INSTRUCTIONS TO FOLLOW: Your copy should match the listing below word for word, with no images in it.
---------- PROVIDED RECORDS ----------
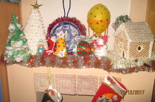 В нашем детском саду открылась «Мастерская деда Мороза». Дети совместно с родителями, с удовольствием изготовляют украшения в группы: фонарики, разноцветные цепочки, рисуют Дедов Морозов и Снеговиков, мастерят открытки для поздравления. Активно принимают участие в оформлении группы к празднику. Дети средней группы (воспитатель Хамидуллина Л.Г.) позвонили Деду Морозу по телефону, спели с ним песенку, ответили ему на вопрос, как они вели себя весь год и попросили в подарок маленькую ёлочку. И сколько было восторга, когда на следующий день им была подарена ёлочка! Они поблагодарили дедушку Мороза и украсили зимнюю красавицу, зажгли на ней разноцветные огоньки. Работы в «мастерских» продолжаются, и будет ещё много интересных задумок и новых поделок.
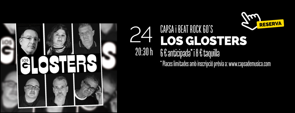 Els Glosters ens diuent d’aquest concert: “Estimats Amigues, el proper Divendres 24 d’Octubre, Los Glosters actuaran per primera vegada a la Capsa de Música de Tarragona. Per 6 euros (anticipada) assistiràs a una mena d’esdeveniment cada vegada més estrany: uns tius que canten sense autotune i toquen els seus instruments amb certa destresa i poca vergonya. Per celebrar aquest esdeveniment, el directe s’enregistrarà i s’editarà. T’ho perdràs? Punxa l’enllaç, que et quedes sense entrada…
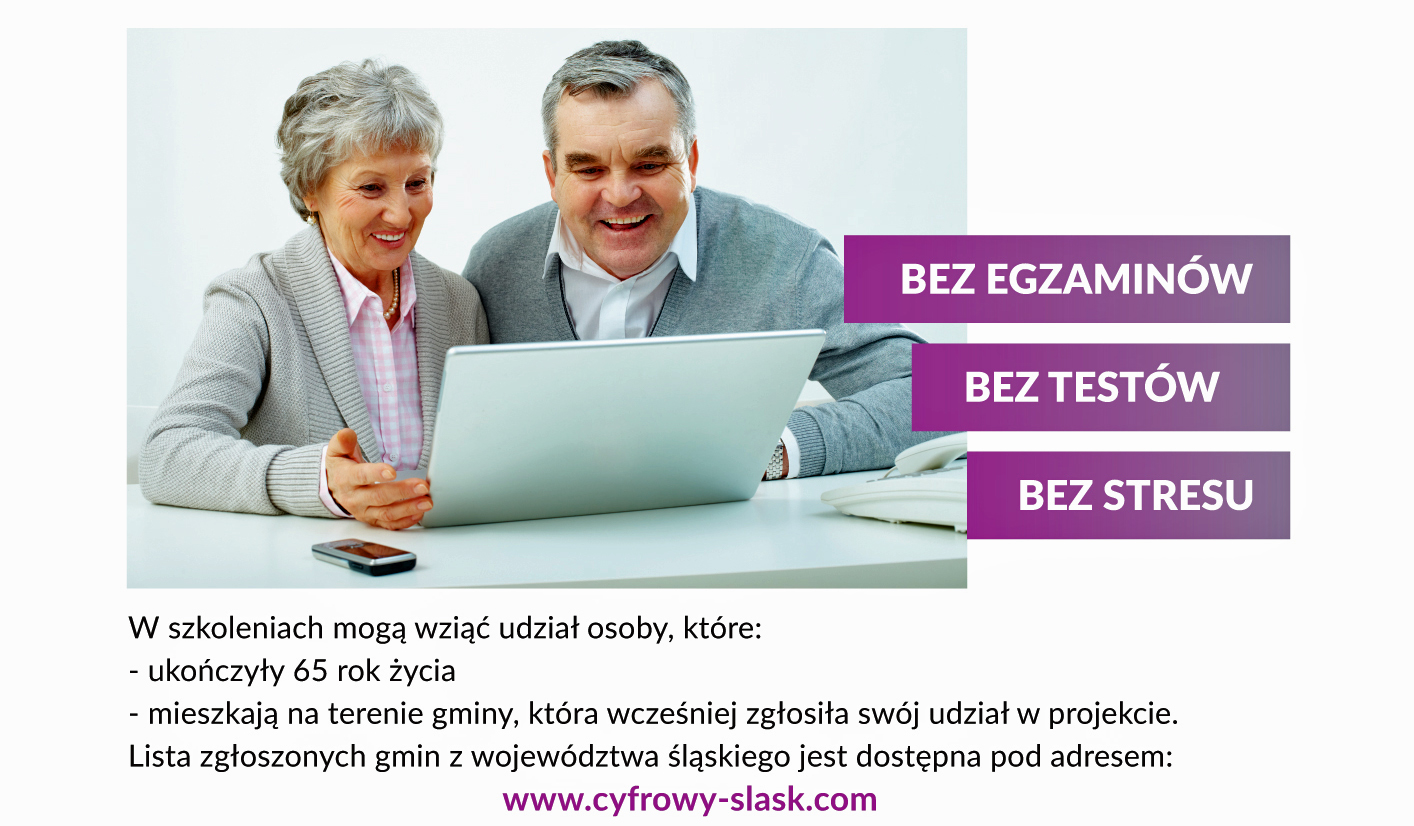 Zapraszamy osoby w wieku powyżej 65 lat. W programie szkoleń m.in. praktyczne umiejętności obsługi komputera, tabletu, smartfona. Szczegóły na: https://cyfrowy-slask.com/
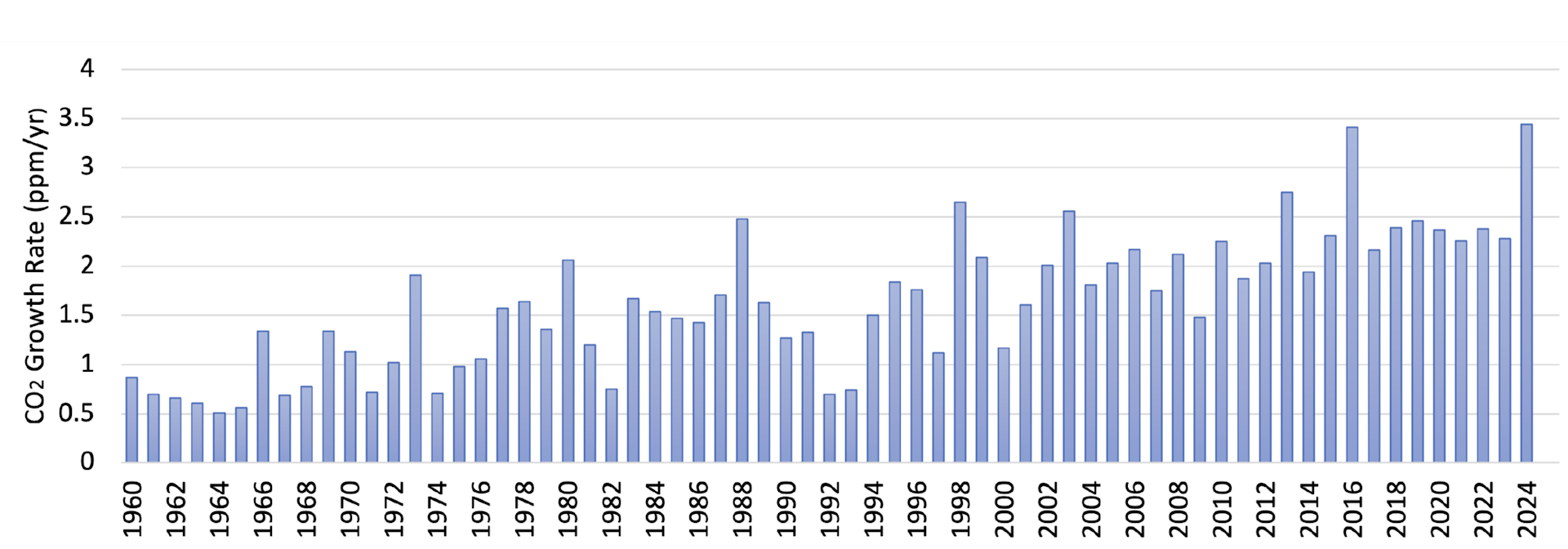 En la década de 1960, el CO₂ se acumulaba en la atmósfera a un ritmo de 0,8 partes por millón cada año (es decir, un aumento anual del 0,00008%). Este crecimiento se triplicó entre 2011 y 2020, alcanzando 2,4 ppm por año. Y la tasa de crecimiento del dióxido de carbono entre 2023 y 2024 aumentó a 3,5 ppm, el mayor aumento anual desde que comenzaron las mediciones modernas en 1957.
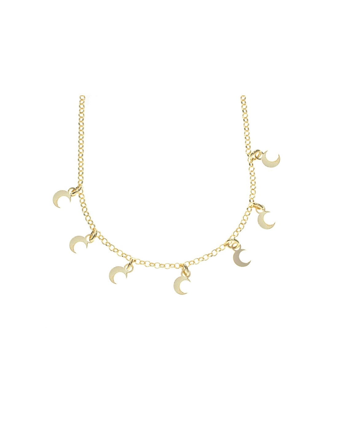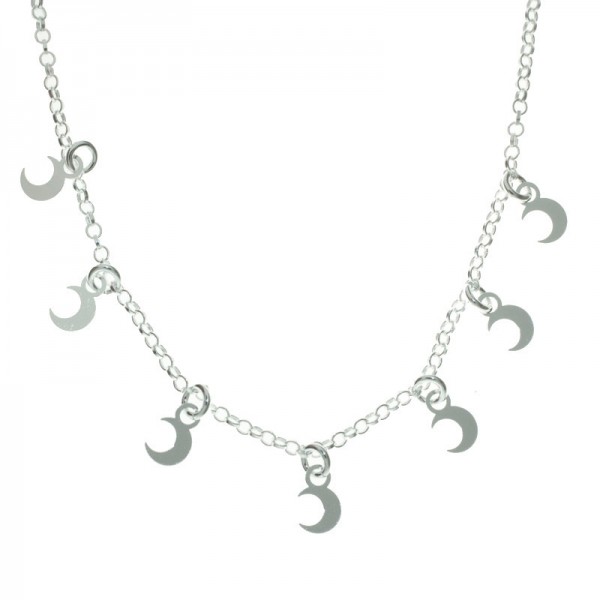 Collar con lunas colgantes fabricado en Plata de Ley y disponible con baño de Oro.
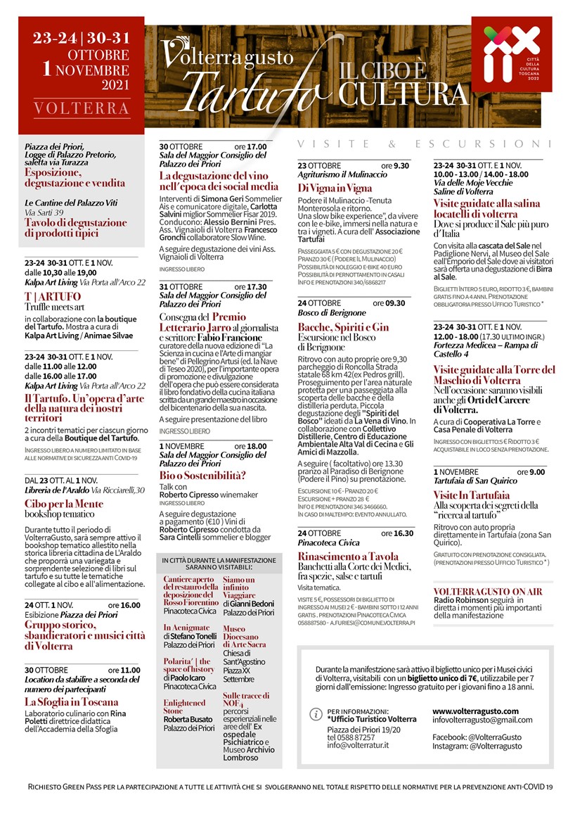 Per info e aggiornamenti: www.volterragusto.com | mail: infovolterragusto@gmail.com
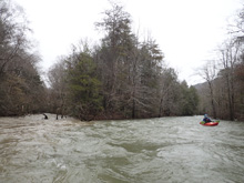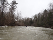 Boogie (III). The exit is mellow enough, but the left channel was full of wood, so we boofed down the right and then looped out and back to stay far right.
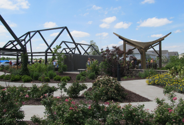 The Butterfly Garden and Overlook is part of our Landscapes of Resilience Project, which aims to show how green spaces can support community resilience and recovery in the wake of a tragedy – in this case, the tornado that killed 161 Joplin residents in 2011. We collaborated with Traci Sooter and students from Drury University, city officials, psychologists, and community members to design this healing garden. The result is a Sacred Place with design themes related to the mourning process and a butterfly pavilion referencing children’s reflections that butterflies helped them during the storm.
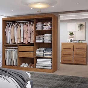 - Acompanha: 1 Guarda-Roupa + 1 Cômoda + Kit Ferragens + Manual de Montagem
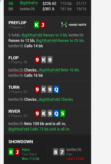 Бомбпот, на флопе сыграл ч/р на ставку 25% от рега, терн 1/3, ривер офк спарился. Подумал что добирать вообще не с чего, т.к. еще с флопа прикидывал его ренж как допера, какие-нибудь комбодро, но и чек-кол так себе выглядит, надеяться что он тут превратит 69 или 87 с черной в блеф...кароч такое, сыграли чек/чек
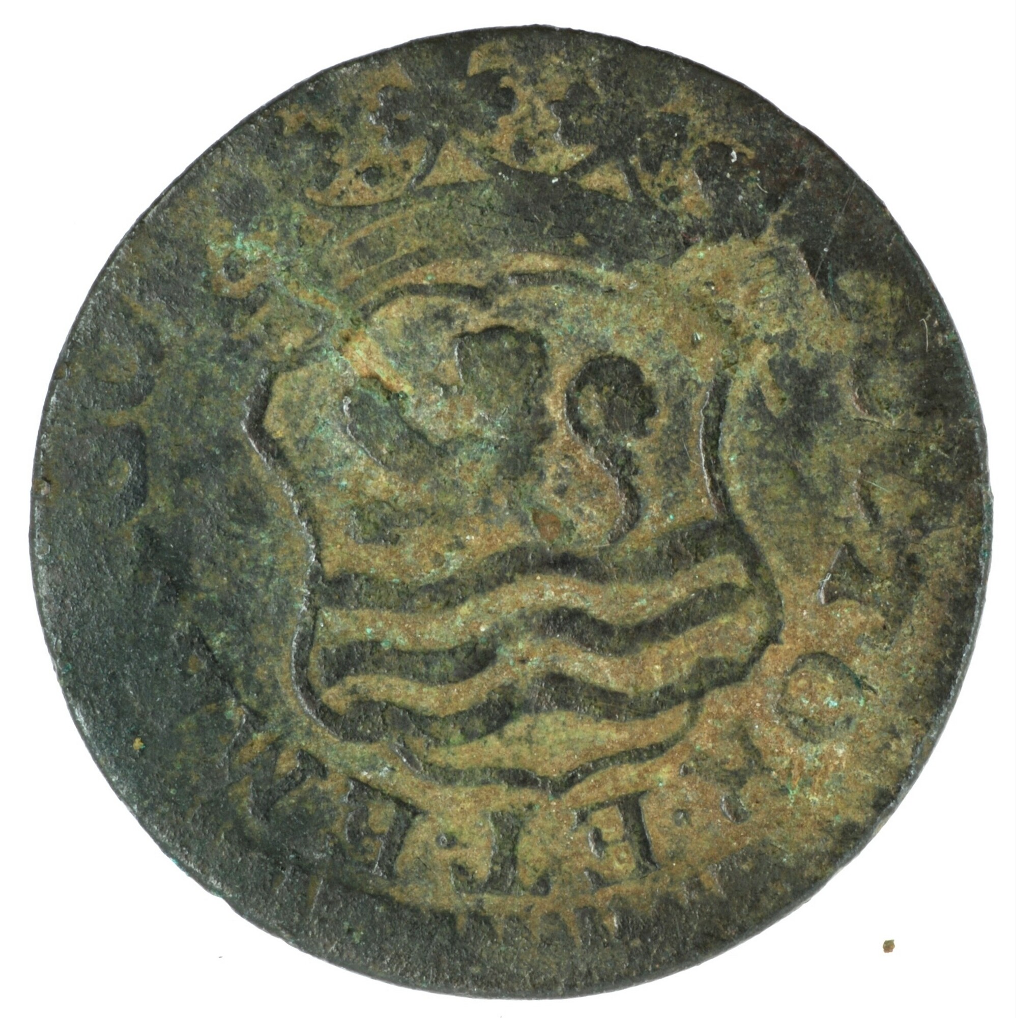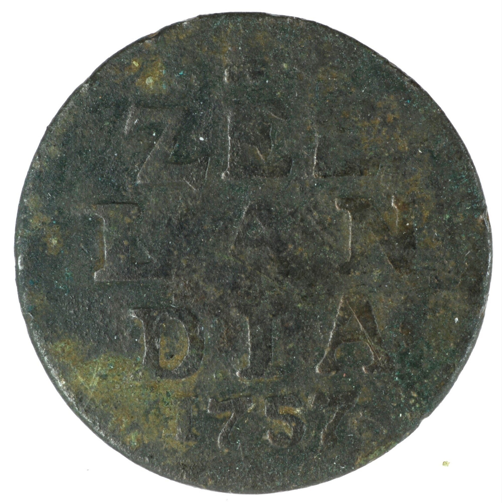 Duit; Zeeland Provincie (1581-1795); vz.: gekroond, zijdelings ingedeukt wapenschild van Zeeland, de staart van de leeuw is naar achteren gekruld, met omschrift LUCTOR•ET•EMERGO; kz.: in vijf regels: ster (burcht) ster / ZEE / LAN / DIA• / 1757; muntplaats: Middelburg; gewicht: 2,42 gram; referentie: Purmer / Wiel 4011 var (punten op voorzijdetekst en punt achter ...
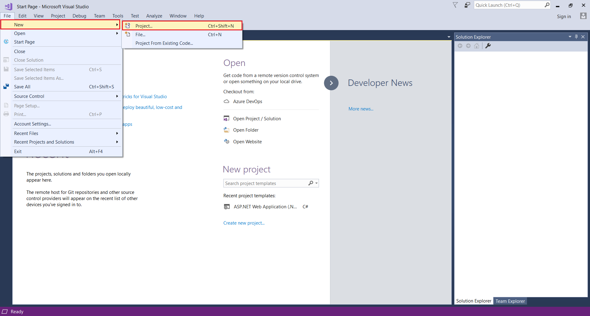 Open the Microsoft Visual Studio software and go to the File menu. Select "New Project", and then select "Web Application". In this article, we are going to use a web application to generate barcodes.
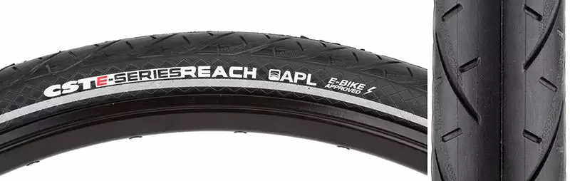 The CST E-Series Reach is the perfect tire for any E-Bike. The E-Series Reach is E-Bike certified up to 50 km/hr (31 mph), and comes equipped with APL, and a reflective sidewall for increased night visibility
----------
RESPONSE TO THE EXERCISE:
 В нашем детском саду открылась «Мастерская деда Мороза». Дети совместно с родителями, с удовольствием изготовляют украшения в группы: фонарики, разноцветные цепочки, рисуют Дедов Морозов и Снеговиков, мастерят открытки для поздравления. Активно принимают участие в оформлении группы к празднику. Дети средней группы (воспитатель Хамидуллина Л.Г.) позвонили Деду Морозу по телефону, спели с ним песенку, ответили ему на вопрос, как они вели себя весь год и попросили в подарок маленькую ёлочку. И сколько было восторга, когда на следующий день им была подарена ёлочка! Они поблагодарили дедушку Мороза и украсили зимнюю красавицу, зажгли на ней разноцветные огоньки. Работы в «мастерских» продолжаются, и будет ещё много интересных задумок и новых поделок.
 Els Glosters ens diuent d’aquest concert: “Estimats Amigues, el proper Divendres 24 d’Octubre, Los Glosters actuaran per primera vegada a la Capsa de Música de Tarragona. Per 6 euros (anticipada) assistiràs a una mena d’esdeveniment cada vegada més estrany: uns tius que canten sense autotune i toquen els seus instruments amb certa destresa i poca vergonya. Per celebrar aquest esdeveniment, el directe s’enregistrarà i s’editarà. T’ho perdràs? Punxa l’enllaç, que et quedes sense entrada…
 Zapraszamy osoby w wieku powyżej 65 lat. W programie szkoleń m.in. praktyczne umiejętności obsługi komputera, tabletu, smartfona. Szczegóły na: https://cyfrowy-slask.com/
 En la década de 1960, el CO₂ se acumulaba en la atmósfera a un ritmo de 0,8 partes por millón cada año (es decir, un aumento anual del 0,00008%). Este crecimiento se triplicó entre 2011 y 2020, alcanzando 2,4 ppm por año. Y la tasa de crecimiento del dióxido de carbono entre 2023 y 2024 aumentó a 3,5 ppm, el mayor aumento anual desde que comenzaron las mediciones modernas en 1957.
 Collar con lunas colgantes fabricado en Plata de Ley y disponible con baño de Oro.
 Per info e aggiornamenti: www.volterragusto.com | mail: infovolterragusto@gmail.com
 Boogie (III). The exit is mellow enough, but the left channel was full of wood, so we boofed down the right and then looped out and back to stay far right.
 The Butterfly Garden and Overlook is part of our Landscapes of Resilience Project, which aims to show how green spaces can support community resilience and recovery in the wake of a tragedy – in this case, the tornado that killed 161 Joplin residents in 2011. We collaborated with Traci Sooter and students from Drury University, city officials, psychologists, and community members to design this healing garden. The result is a Sacred Place with design themes related to the mourning process and a butterfly pavilion referencing children’s reflections that butterflies helped them during the storm.
 - Acompanha: 1 Guarda-Roupa + 1 Cômoda + Kit Ferragens + Manual de Montagem
 Бомбпот, на флопе сыграл ч/р на ставку 25% от рега, терн 1/3, ривер офк спарился. Подумал что добирать вообще не с чего, т.к. еще с флопа прикидывал его ренж как допера, какие-нибудь комбодро, но и чек-кол так себе выглядит, надеяться что он тут превратит 69 или 87 с черной в блеф...кароч такое, сыграли чек/чек
 Duit; Zeeland Provincie (1581-1795); vz.: gekroond, zijdelings ingedeukt wapenschild van Zeeland, de staart van de leeuw is naar achteren gekruld, met omschrift LUCTOR•ET•EMERGO; kz.: in vijf regels: ster (burcht) ster / ZEE / LAN / DIA• / 1757; muntplaats: Middelburg; gewicht: 2,42 gram; referentie: Purmer / Wiel 4011 var (punten op voorzijdetekst en punt achter ...
 Open the Microsoft Visual Studio software and go to the File menu. Select "New Project", and then select "Web Application". In this article, we are going to use a web application to generate barcodes.
 The CST E-Series Reach is the perfect tire for any E-Bike. The E-Series Reach is E-Bike certified up to 50 km/hr (31 mph), and comes equipped with APL, and a reflective sidewall for increased night visibility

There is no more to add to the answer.